**ASSIGNED TASK:** When the line containing "Shown: Severe necroulcerative" is found in the data below, copy it and each line after it through the line containing "Literacy & Non-Formal", exactly and with no others.

══ INPUT DATA ══

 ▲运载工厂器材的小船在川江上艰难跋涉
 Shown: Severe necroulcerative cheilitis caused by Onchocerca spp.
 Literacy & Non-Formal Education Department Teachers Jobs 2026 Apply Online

═══
══ INPUT DATA ══

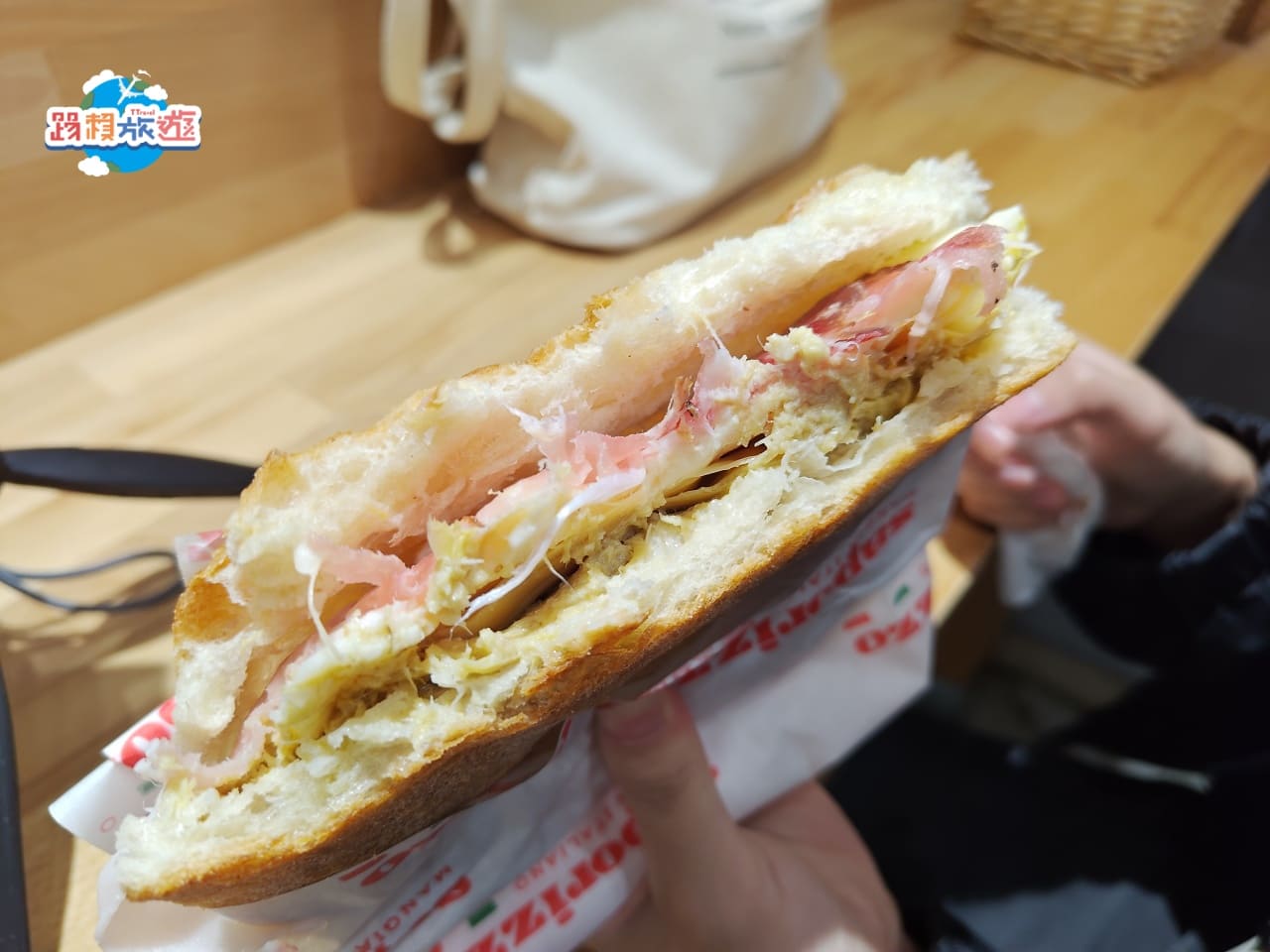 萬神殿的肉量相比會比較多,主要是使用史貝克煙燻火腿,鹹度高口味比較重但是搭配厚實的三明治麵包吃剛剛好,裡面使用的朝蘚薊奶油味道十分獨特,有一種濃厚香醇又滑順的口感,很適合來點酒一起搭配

═══
══ INPUT DATA ══

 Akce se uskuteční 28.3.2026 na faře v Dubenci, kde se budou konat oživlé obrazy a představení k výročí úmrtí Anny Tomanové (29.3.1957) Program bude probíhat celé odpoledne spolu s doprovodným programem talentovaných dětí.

═══

**ANSWER FOR THE TASK:**
 Shown: Severe necroulcerative cheilitis caused by Onchocerca spp.
 Literacy & Non-Formal Education Department Teachers Jobs 2026 Apply Online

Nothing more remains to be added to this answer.